Given that, I lean away from suffixing with _TOGGLE, or with anything else for that matter. That does still leave the awkwardness of MY_APP_ENABLED.is_enabled()... but could we work around that by defining __bool__ on the Toggle base class to equal is_enabled(), allowing all Toggles to be checked with:

if MY_APP_ENABLED:
   ... 

A nice property of this is that all toggles can be checked the same way, regardless of whether they are Django settings, Toggles wrapping Django settings, or Toggles wrapping Waffle Flags. For CourseWaffleFlags, we could even support a nice syntax like:

if MY_COURSE_SENSITIVE_APP_ENABLED.for_context(<course_key>):
   ...

where for_context creates a one-off Toggle instance that is scoped to <course_key>.

robrap commented 5 months ago

@kdmccormick: Good thoughts. I think your proposal is a reasonable alternative, or enhancement, to what is captured in https://github.com/openedx/edx-toggles/issues/290. Yours is a more elegant solution from a readability perspective, as long as people don't get caught up wondering how it actually works.
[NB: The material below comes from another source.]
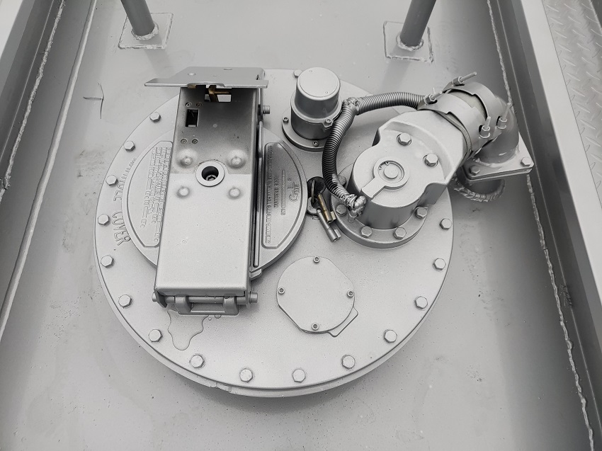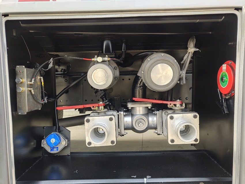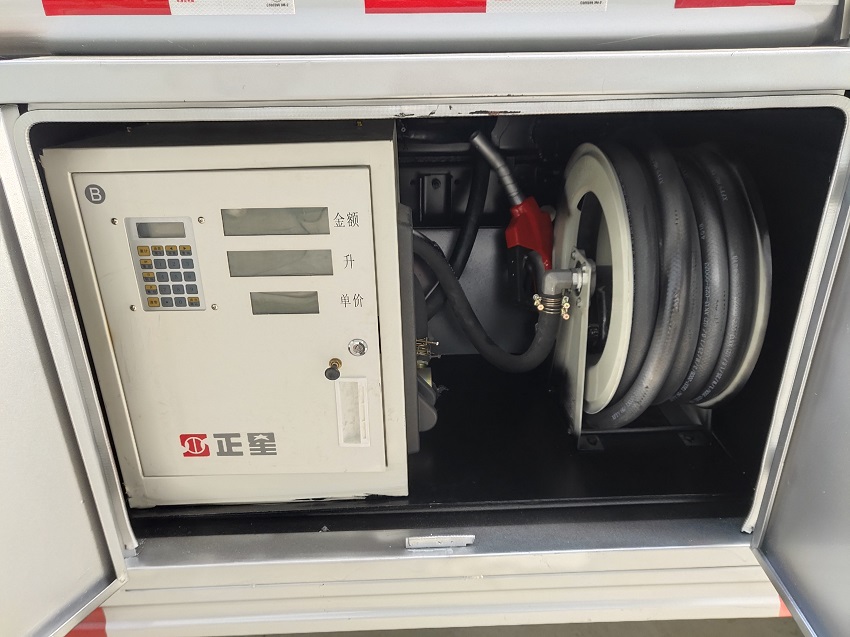上裝:采用程力公告CLW5181GYYD5整車型號,單倉帶泵,歐標(biāo)一套(歐標(biāo)罐口、智能緊急切斷閥、下裝油口、油氣回收、防溢漏探桿),恒山加油機(jī)壹臺及15米自帶回位卷盤(可選擇帶小票打?。?。附件(后爬梯、活動護(hù)欄、鋼絲網(wǎng)走道、工具箱),內(nèi)有防浪板(可采用新式防浪板,可減輕車輛自重,增加罐體強(qiáng)度),前置防爆排氣管,滅火器,金屬漆,反光條、反光帶及“爆”字標(biāo)識,其他廠標(biāo)。

kdmccormick commented 5 months ago

@robrap Oh, I didn't realize that there was edx-toggles work in flight--nice!

Yours is a more elegant solution from a readability perspective, as long as people don't get caught up wondering how it actually works.

It's the classic tension between Having A Simple API and Having A Simple Implementation :)

Alternatively, in the spirit of There's One Way To Do It, I'm also OK with just having is_enabled(), even if it's a mouthful sometimes, and a brain-twister other times. We could document that avoiding negative setting names is a best practice. For example, ENABLE_LEGACY_EXPERIENCE is superior to DISABLE_NEW_EXPERIENCE.

Anyway, that's a lot of opinions from me, all loosely held. In the end, my only strong opinion is that we need to have fewer layers between what the site operator configures and what the application sees.